-- Source material --
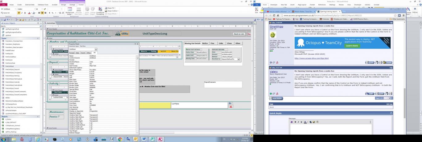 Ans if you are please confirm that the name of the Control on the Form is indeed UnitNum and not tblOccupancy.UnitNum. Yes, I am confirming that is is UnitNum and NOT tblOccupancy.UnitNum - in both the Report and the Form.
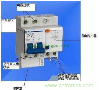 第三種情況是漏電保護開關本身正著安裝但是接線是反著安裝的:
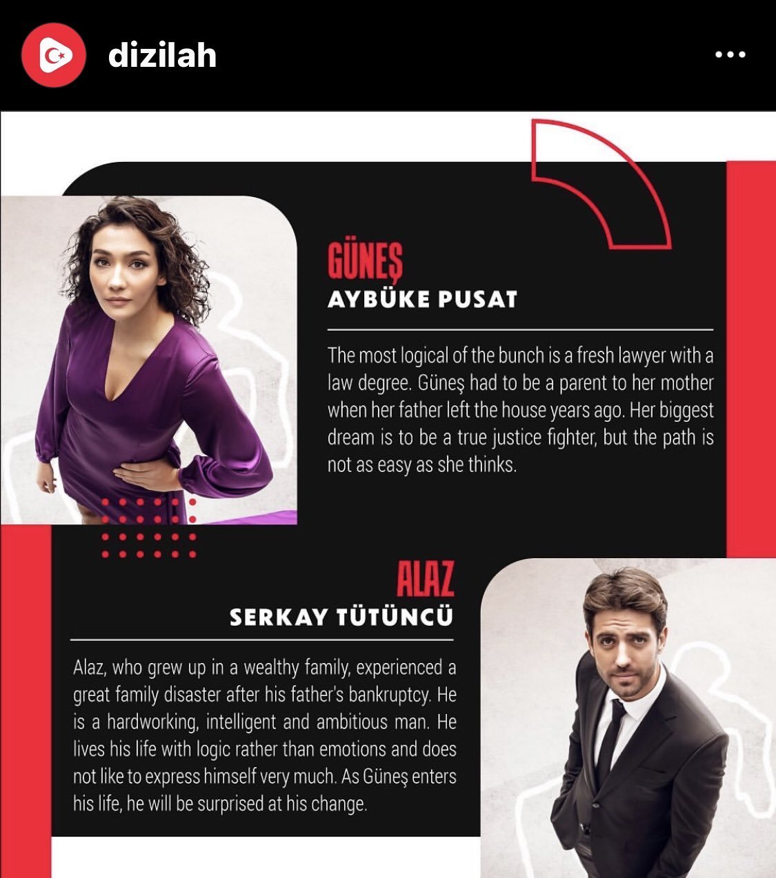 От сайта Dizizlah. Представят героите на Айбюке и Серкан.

---

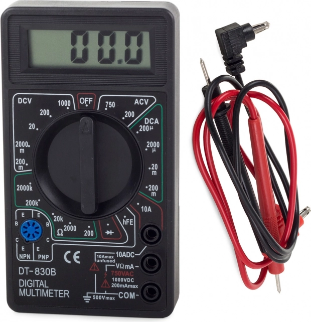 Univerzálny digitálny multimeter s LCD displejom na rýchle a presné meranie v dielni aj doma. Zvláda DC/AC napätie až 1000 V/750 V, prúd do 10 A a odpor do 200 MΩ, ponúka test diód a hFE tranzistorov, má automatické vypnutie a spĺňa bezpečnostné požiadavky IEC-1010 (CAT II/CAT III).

--

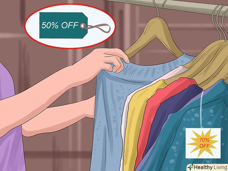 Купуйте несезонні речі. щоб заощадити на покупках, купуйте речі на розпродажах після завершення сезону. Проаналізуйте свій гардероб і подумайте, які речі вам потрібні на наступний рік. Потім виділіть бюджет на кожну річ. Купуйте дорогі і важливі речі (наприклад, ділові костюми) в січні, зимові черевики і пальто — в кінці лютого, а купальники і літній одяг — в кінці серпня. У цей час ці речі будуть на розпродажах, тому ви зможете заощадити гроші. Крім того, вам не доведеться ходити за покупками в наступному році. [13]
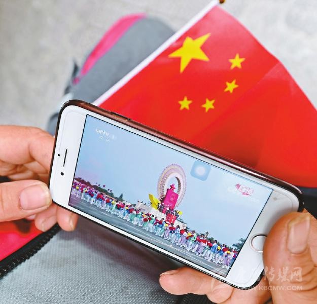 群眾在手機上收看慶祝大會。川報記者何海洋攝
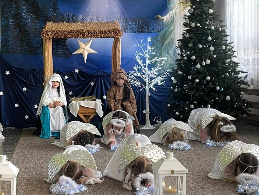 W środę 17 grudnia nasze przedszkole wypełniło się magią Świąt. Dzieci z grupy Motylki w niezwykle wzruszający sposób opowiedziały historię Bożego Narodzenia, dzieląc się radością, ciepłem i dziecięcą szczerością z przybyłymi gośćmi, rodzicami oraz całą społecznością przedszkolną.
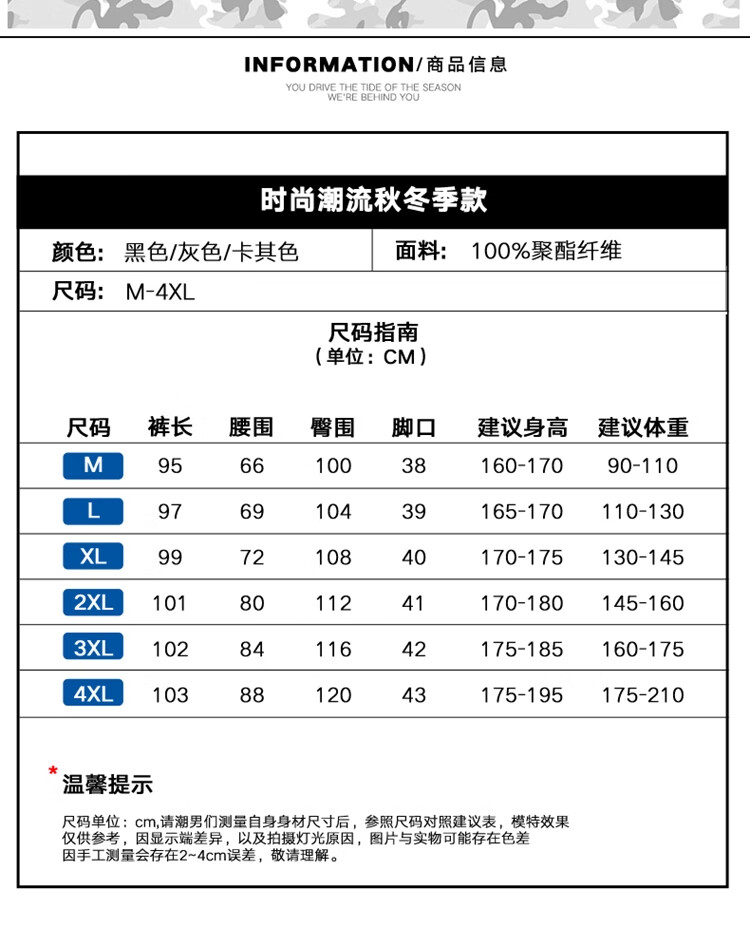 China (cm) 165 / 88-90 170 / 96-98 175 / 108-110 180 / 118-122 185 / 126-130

-- Work required --
Using the listing above, restate exactly the range between the lines holding "Ans if you are" and "От сайта Dizizlah.", inclusive, with pictures left out.

-- Output below --
 Ans if you are please confirm that the name of the Control on the Form is indeed UnitNum and not tblOccupancy.UnitNum. Yes, I am confirming that is is UnitNum and NOT tblOccupancy.UnitNum - in both the Report and the Form.
 第三種情況是漏電保護開關本身正著安裝但是接線是反著安裝的:
 От сайта Dizizlah. Представят героите на Айбюке и Серкан.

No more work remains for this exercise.